The factors that impact on a company’s performance are complex and multi-faceted ranging from the quality of goods/services, business and pricing models, financial strength, market and competitive dynamics to the quality of execution by the CEO, executive team and employees in delivering to and supporting their customers day to day. While there has been a significant amount of academic research globally over the last 20 years which has demonstrated a strong correlation between board performance and company performance, many company boards still aren’t aware of the strong link between their own performance as a board team and their overall company performance. Most executives, board members and shareholders intuitively understand that when you look at a company performing at the top of its game, you inevitably will see an outstanding board team in the background closely supporting a CEO and executive team excelling in execution but also with the board team providing the highest levels of oversight and stewardship to ensure a long-term sustainable future for the company and its stakeholders. Conversely, we have all seen many corporate failures and companies overseeing significant destruction in shareholder value where you had a board team under-performing, in cruise-mode and either on an ongoing basis or at critical moments ultimately made poor major decisions which costs shareholders and stakeholders dearly.

A recent discussion with the board chair of a large company inspired me to reflect on this area and write this article. In a discussion with the board chair, he indicated that the board annual agenda was so full for this coming year that the board team had no bandwidth for any initiatives to actually measure and improve their board effectiveness and performance. I then posed the question “what if actually improving your board team’s effectiveness and performance led to a tangible improvement in your company performance, would you re-consider the priorities of the board and make room for measuring and improving your board team’s performance ?”. The board chair responded by saying “Absolutely but how clear-cut is that correlation as I would need to be convinced”. This is quite an experienced board chair leading a solid board team and his perspective on this is exactly why so many boards are in the “average and functional” bucket of board performance and why there are so relatively few exceptional board teams.

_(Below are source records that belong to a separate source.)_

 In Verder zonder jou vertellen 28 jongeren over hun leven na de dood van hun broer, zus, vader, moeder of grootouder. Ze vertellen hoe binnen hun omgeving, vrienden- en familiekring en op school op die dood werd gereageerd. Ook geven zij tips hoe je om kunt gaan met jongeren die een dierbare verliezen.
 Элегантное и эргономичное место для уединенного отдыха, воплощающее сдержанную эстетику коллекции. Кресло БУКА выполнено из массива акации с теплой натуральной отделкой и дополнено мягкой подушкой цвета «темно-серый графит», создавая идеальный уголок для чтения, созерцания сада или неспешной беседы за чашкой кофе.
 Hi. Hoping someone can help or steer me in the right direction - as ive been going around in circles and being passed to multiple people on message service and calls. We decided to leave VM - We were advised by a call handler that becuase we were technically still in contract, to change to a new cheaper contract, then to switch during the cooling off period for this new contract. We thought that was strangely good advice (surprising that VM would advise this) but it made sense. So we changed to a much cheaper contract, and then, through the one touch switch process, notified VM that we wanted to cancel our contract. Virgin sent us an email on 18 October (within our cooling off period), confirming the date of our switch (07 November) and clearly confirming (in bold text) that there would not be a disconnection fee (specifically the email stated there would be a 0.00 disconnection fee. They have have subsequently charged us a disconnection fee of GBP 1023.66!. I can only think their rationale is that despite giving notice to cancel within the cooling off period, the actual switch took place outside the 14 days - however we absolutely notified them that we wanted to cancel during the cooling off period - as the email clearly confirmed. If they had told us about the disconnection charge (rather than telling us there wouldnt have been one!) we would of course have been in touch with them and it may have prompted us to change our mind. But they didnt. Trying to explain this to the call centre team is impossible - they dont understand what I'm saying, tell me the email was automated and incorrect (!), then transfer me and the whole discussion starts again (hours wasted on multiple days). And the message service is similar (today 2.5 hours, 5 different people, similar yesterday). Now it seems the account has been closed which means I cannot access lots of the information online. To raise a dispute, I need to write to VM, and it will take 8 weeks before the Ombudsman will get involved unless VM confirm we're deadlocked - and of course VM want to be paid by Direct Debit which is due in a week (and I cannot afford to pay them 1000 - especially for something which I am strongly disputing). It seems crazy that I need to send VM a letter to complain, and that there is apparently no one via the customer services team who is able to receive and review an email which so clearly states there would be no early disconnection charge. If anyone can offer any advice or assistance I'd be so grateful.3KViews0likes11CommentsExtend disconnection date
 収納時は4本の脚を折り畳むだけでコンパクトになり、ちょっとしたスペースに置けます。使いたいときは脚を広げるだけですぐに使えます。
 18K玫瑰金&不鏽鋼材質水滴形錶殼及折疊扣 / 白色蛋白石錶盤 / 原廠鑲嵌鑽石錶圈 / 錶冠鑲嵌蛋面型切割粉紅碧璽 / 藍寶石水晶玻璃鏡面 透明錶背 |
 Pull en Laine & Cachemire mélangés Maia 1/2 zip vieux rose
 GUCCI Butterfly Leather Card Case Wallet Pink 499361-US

In my experience, the following factors outlined in the following diagram and discussed below, represent the key areas of the board’s performance which ultimately have an impact on the overall company performance. While a number of these have particular relevance for publicly-listed companies, most are common to all company boards irrespective of scale and shareholder structure.

Quality of decision-making

A company board is ultimately judged by the quality and outcome of the major decisions it makes. While clearly its overall oversight and stewardship roles are crucially important areas, major decision-making is a fundamental role of the board and getting these right or wrong has significant ramifications for the company. These major decisions could be to replace an under-performing CEO or to stick by a struggling CEO, to give the green light for a major acquisition, to commit significant company funds or take on substantial debt to fund new product development or enter new markets, to ensure the company is properly focused on ensuring the appropriate level of investment and priority to protect the company and by extension its customers against major cyber-security threats.  It is at these moments that the true quality of a board team is revealed and the process by which a board team goes through to arrive at and optimise decision-making speaks volumes about a board team. This is where the highest levels of robust challenge and debate between an extremely open CEO/executive team and genuinely independent diverse high-calibre non-exec directors, pushing each other hard to maximise the collective intellectual firepower and experience of the board team “to see around dark corners”, results in the board team being able to make an optimal balanced decision.

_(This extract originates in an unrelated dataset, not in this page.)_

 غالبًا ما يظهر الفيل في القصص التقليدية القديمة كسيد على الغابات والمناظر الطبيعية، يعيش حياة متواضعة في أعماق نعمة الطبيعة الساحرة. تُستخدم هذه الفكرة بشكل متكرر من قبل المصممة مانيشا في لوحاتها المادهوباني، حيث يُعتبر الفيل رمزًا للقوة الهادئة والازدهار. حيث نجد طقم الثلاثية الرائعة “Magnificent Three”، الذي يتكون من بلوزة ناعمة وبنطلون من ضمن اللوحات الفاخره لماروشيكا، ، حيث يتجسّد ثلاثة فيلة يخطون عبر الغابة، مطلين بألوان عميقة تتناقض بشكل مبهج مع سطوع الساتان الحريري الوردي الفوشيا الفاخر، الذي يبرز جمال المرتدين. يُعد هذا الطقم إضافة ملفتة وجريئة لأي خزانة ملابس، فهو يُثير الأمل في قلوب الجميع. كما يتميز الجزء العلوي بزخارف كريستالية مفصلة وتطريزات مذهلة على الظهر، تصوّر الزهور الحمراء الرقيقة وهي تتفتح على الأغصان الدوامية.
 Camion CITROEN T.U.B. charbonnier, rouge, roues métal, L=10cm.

Performance culture & tenure of CEO & executive team

One of the common denominators of outstanding board teams is the performance culture within the board team itself and the high bar that is set for the CEO and executive team. Given the critical impact the performance and execution of the CEO & executive team has on the company day-to-day, these board teams balance the highest levels of oversight of the CEO and executive team with the non-exec board members adding genuine value and providing tremendous support to the CEO & executive team, both at and importantly in between board meetings. This has resulted in a far more dynamic approach being taken to CEO performance assessment and in addition to the traditional annual CEO performance assessment, the board chair and non-execs are providing far more regular feedback to the CEO and actively helping the CEO strengthen in key areas. The decision to replace or stick by a struggling CEO is one of the most difficult challenges any board faces, particularly where the CEO is a founder and/or is a mercurial visionary type CEO who in the eyes of customers, employees and investors, represents the “soul and heartbeat” of the company. This decision has major ramifications for the company’s future and many boards have got this spectacularly wrong with either prematurely taking out a CEO or as in many cases sticking by a struggling CEO for too long.

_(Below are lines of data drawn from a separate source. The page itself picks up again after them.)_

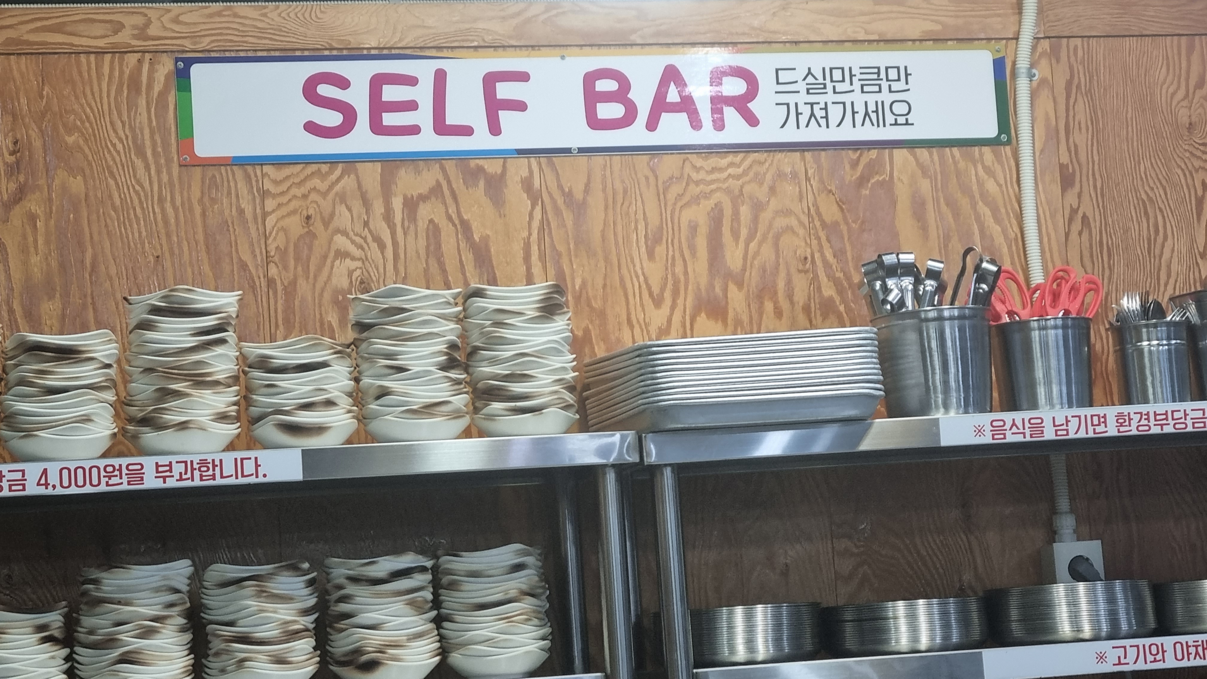 셀프바에 집게 그릇 접시등이 엄청 많이 준비되어 있고 이곳에서 고기나 각종음식을 원하는 만큼 가져가시면 됩니다. 복잡하지도 않고 넓어 이용하기 편리합니다.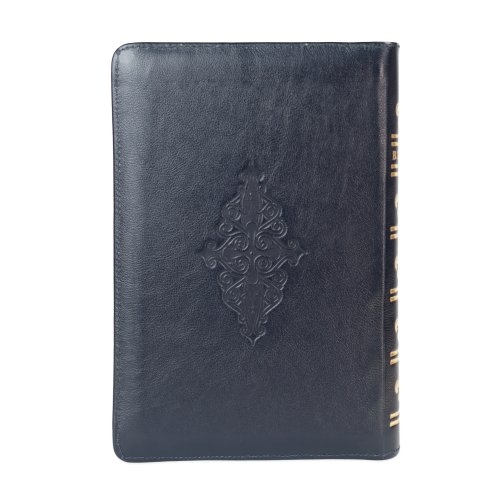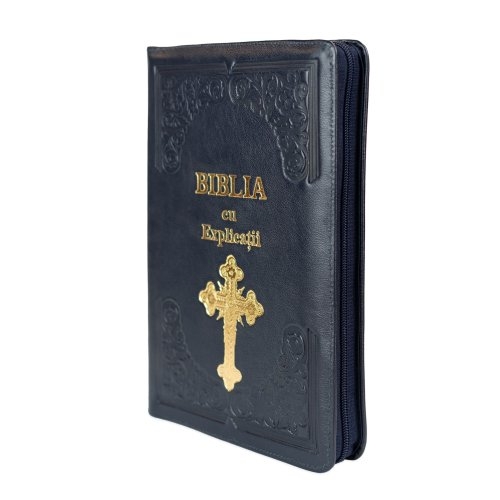 Biblia cu concordanta si explicatii, coperta piele HANDMADE, mare, culoare bleumarin închis, fermoar, index, margini aurii, simbol cruce , cuv. lui Isus cu rosu [CO 77 HMI]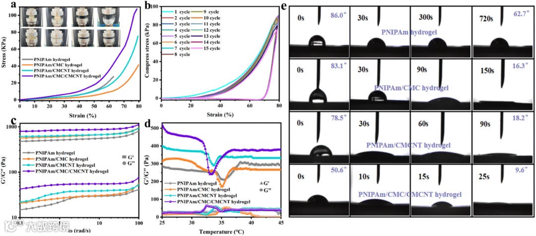 图2. (a)水凝胶的压缩应力-应变曲线(b) PNIPAm/CMC/CMCNT水凝胶在15个循环中的可逆压缩应力-应变曲线。(c-d)水凝胶的流变性能。(e)在室温下通过水凝胶顶部的水滴进行的动态润湿行为。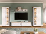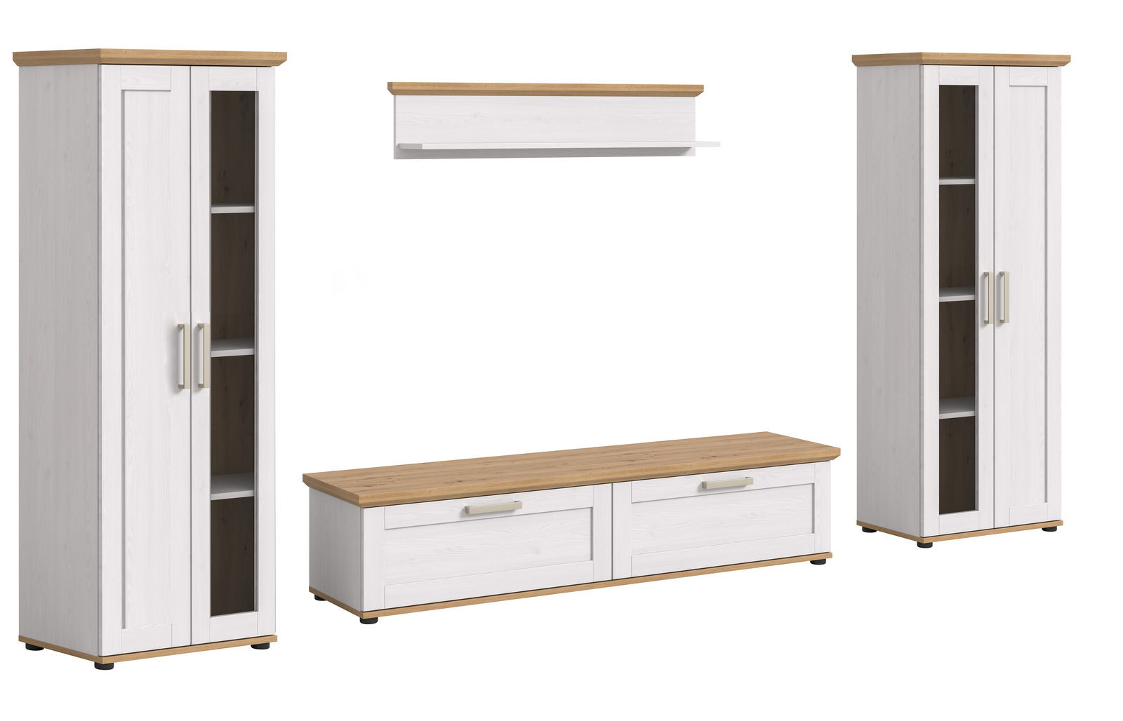 Wohnkombination VERONA: Funktionalität trifft Design Die Wohnkombination VERONA bietet nicht nur visuelle Attraktivität, sondern auch praktische Lösungen für Ihr Zuhause. Die robusten Korpusse in Weiß harmonieren perfekt mit den silbernen Kunststofffüßen und bieten Stabilität und Langlebigkeit. Die Türen aus Holznachbildung lassen sich mühelos öffnen und schließen, während die Vitrinen Ihre Lieblingsstücke stilvoll präsentieren. Dieses Möbelstück ist ein Muss für jeden, der modernes Design mit praktischer Funktionalität verbinden möchte. Verleihen Sie Ihrem Wohnzimmer ein neues Flair und erleben Sie die perfekte Kombination aus Stil und Nutzen. Jetzt entdecken und inspirieren lassen!

Strategic capability and focus of the board team

Every board team, irrespective of the scale of the company and experience of the board team, is facing unprecedented challenges in terms of formulating and evolving its company strategy to deal with incredible levels of disruption in each market segment, the impact of technology disruption, radical new business models, geo-political risks such as Brexit, looming trade wars and a levelling of the playing field in terms of new entrants to markets. A strong board team understands both the huge efforts needed to formulate a winning strategy as well as the significant implications on company performance, both short term and longer-term. Therefore they operate in a “high-gear strategic mode” with all board members genuinely contributing to and actively involved in the strategy area and ensuring that the board are not distracted by deep-diving into the weeds of operations and finance which so many board teams are prone to. This is also where high-calibre independent non-execs with deep industry expertise can come into their own in terms of challenging and adding to strategic options developed by the executive team as well as in some cases bringing serious left-field new strategic thinking to the table. Group-think is a real problem that can seriously impact strategic decision-making in a company board and it is only in the depths of despair where a board team got a big strategic call horribly wrong do they realise that the genuine quality of their initial strategic discussions may have actually been quite poor and myopic.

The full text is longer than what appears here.